- Records
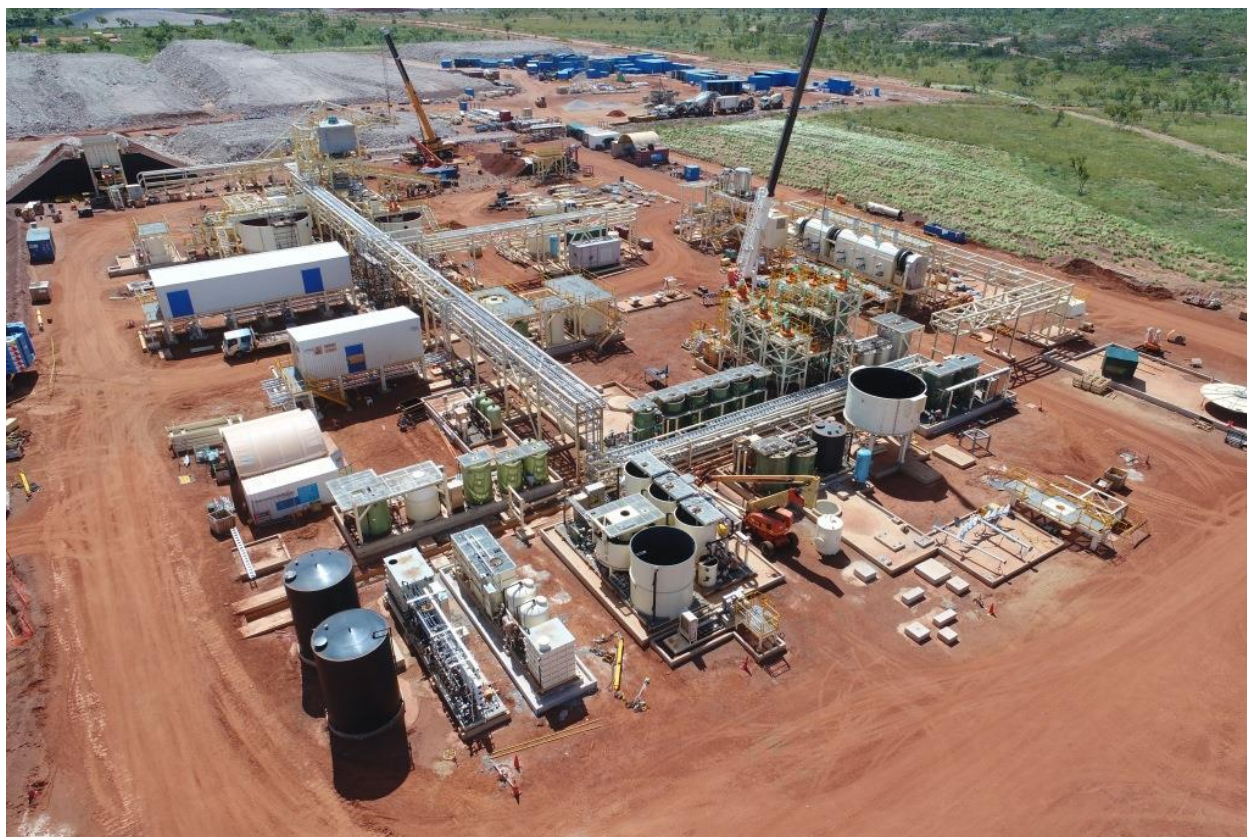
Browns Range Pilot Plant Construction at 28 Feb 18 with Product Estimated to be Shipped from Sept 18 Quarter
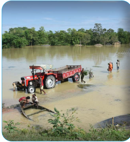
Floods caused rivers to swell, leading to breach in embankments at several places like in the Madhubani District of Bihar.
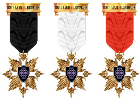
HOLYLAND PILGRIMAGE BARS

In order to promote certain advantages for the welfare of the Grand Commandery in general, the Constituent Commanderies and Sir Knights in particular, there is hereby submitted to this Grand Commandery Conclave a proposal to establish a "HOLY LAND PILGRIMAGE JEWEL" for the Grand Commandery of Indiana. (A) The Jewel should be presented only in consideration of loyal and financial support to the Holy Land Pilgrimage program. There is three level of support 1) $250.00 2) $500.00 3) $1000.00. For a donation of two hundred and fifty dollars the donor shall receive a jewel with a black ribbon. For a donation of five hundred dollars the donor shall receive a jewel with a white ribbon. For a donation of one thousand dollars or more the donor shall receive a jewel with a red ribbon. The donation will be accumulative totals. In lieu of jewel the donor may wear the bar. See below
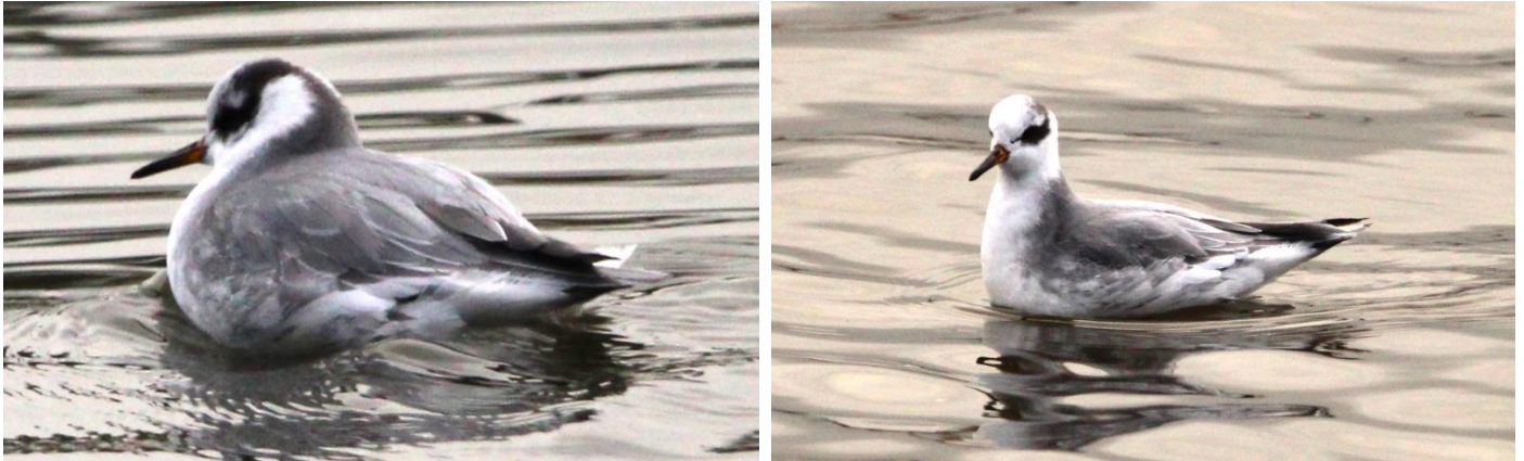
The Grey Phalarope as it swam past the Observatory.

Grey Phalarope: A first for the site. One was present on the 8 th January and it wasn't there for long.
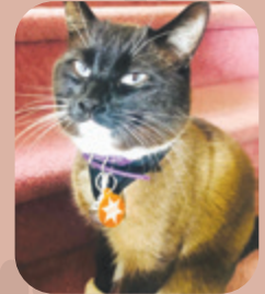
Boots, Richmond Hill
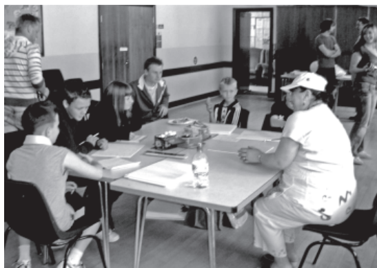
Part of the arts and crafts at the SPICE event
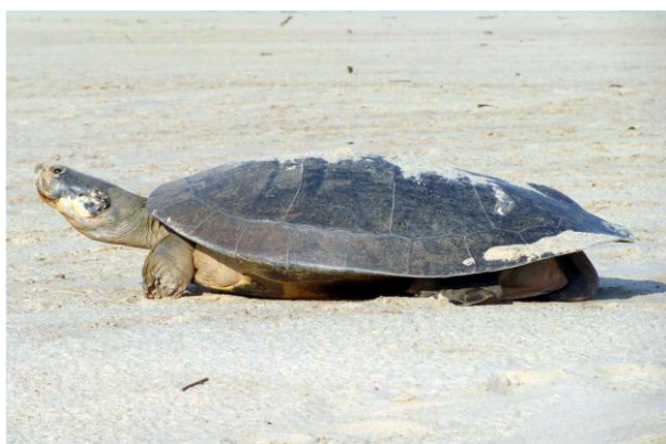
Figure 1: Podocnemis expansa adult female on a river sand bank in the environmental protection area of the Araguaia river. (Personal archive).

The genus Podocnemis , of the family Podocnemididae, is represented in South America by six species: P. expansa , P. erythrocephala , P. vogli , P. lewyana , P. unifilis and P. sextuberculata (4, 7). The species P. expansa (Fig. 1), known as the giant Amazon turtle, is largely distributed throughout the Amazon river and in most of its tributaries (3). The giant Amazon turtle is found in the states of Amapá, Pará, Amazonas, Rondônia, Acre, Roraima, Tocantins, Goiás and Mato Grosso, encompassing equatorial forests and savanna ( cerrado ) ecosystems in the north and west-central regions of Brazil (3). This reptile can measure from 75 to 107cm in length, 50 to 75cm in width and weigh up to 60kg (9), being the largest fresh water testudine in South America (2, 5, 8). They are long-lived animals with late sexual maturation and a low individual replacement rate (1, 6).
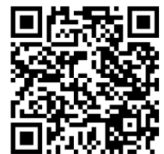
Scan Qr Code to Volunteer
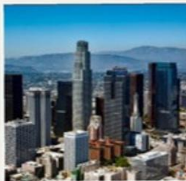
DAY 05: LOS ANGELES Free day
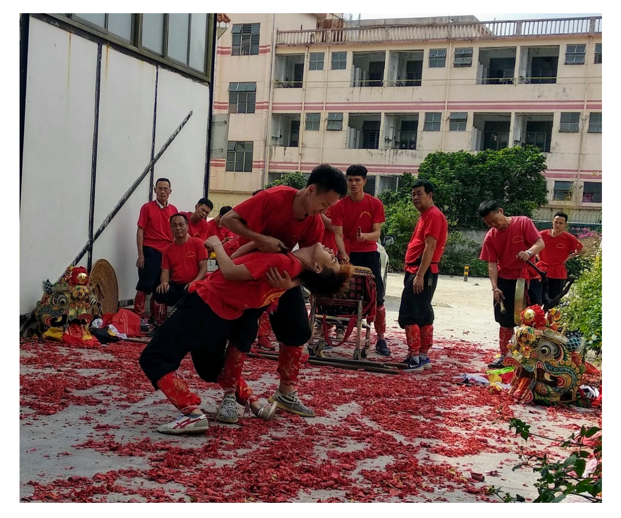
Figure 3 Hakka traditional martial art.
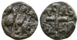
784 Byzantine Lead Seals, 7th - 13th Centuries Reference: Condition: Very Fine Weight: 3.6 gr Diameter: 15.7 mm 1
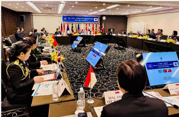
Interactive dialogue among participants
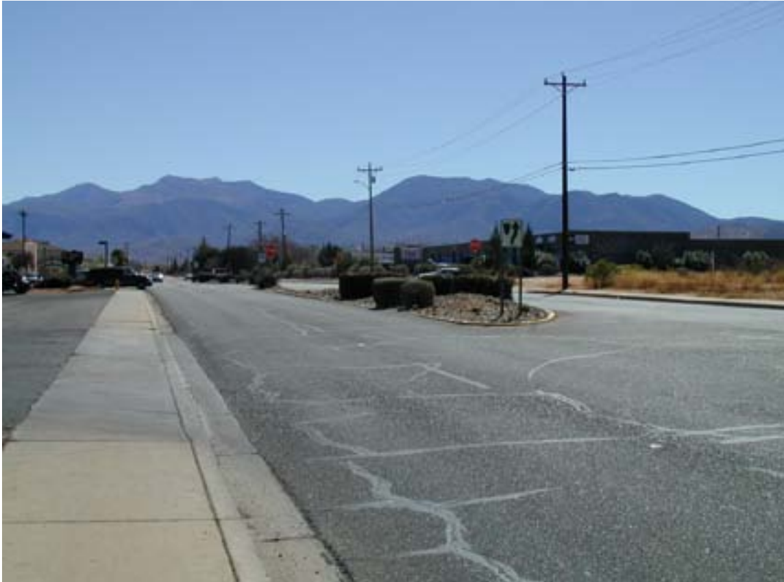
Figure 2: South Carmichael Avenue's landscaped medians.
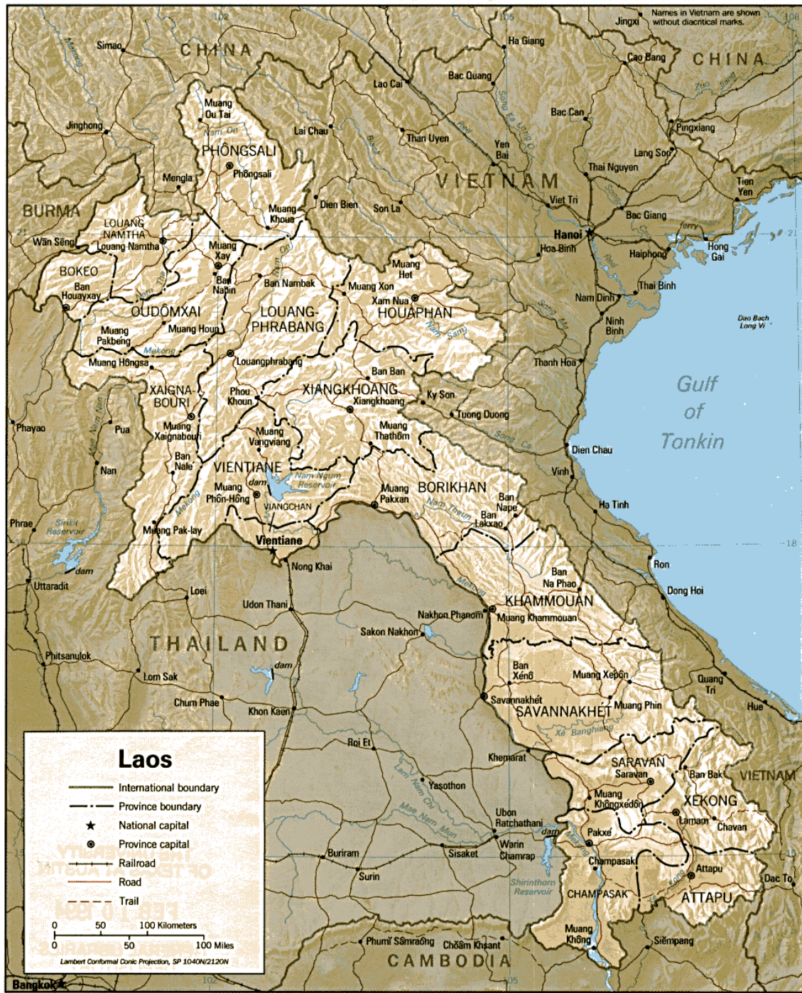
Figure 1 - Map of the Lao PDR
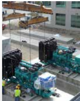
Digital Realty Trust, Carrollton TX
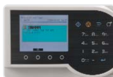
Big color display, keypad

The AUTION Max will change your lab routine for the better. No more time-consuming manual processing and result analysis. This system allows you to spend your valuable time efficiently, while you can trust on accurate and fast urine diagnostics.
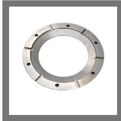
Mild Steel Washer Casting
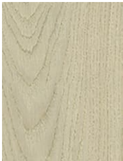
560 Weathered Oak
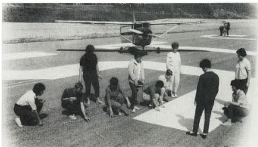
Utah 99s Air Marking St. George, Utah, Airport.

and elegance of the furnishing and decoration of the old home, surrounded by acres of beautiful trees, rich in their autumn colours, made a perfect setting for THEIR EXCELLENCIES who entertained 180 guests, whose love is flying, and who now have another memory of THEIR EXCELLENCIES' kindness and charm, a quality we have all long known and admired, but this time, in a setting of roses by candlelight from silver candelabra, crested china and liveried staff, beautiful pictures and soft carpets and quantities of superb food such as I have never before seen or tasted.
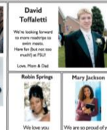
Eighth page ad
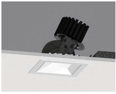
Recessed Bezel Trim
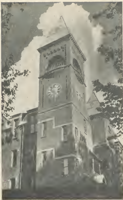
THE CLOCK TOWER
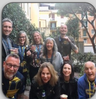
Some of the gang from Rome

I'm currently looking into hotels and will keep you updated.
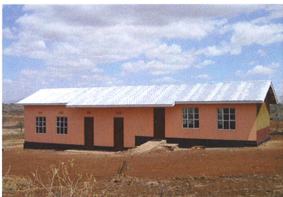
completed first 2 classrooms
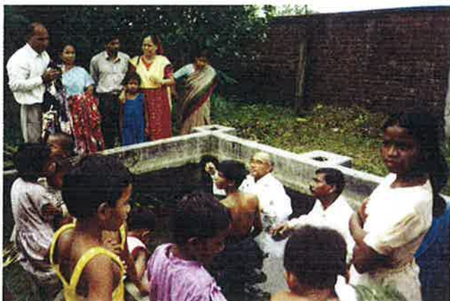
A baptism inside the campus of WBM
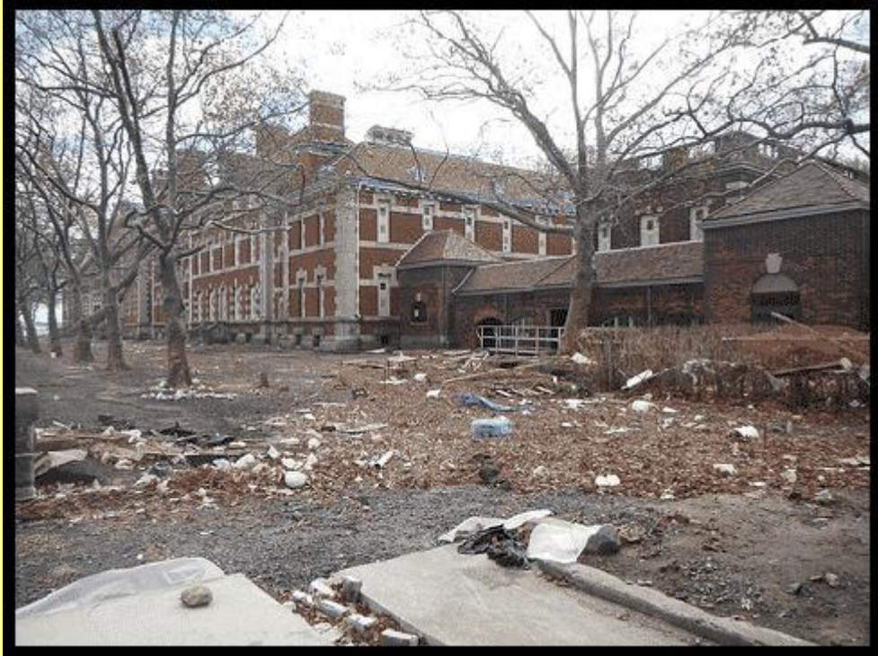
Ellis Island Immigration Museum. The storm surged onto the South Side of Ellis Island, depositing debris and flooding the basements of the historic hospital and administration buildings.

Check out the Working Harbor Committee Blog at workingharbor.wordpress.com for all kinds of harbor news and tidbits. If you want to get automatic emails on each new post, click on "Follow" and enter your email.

- What to produce
Within the listing above, print exactly the stretch beginning at the line that contains "784 Byzantine Lead" and finishing at the line that contains "Big color display, keypad", ends kept, pictures left out, and nothing more.

- Task result
784 Byzantine Lead Seals, 7th - 13th Centuries Reference: Condition: Very Fine Weight: 3.6 gr Diameter: 15.7 mm 1
Interactive dialogue among participants
Figure 2: South Carmichael Avenue's landscaped medians.
Figure 1 - Map of the Lao PDR
Digital Realty Trust, Carrollton TX
Big color display, keypad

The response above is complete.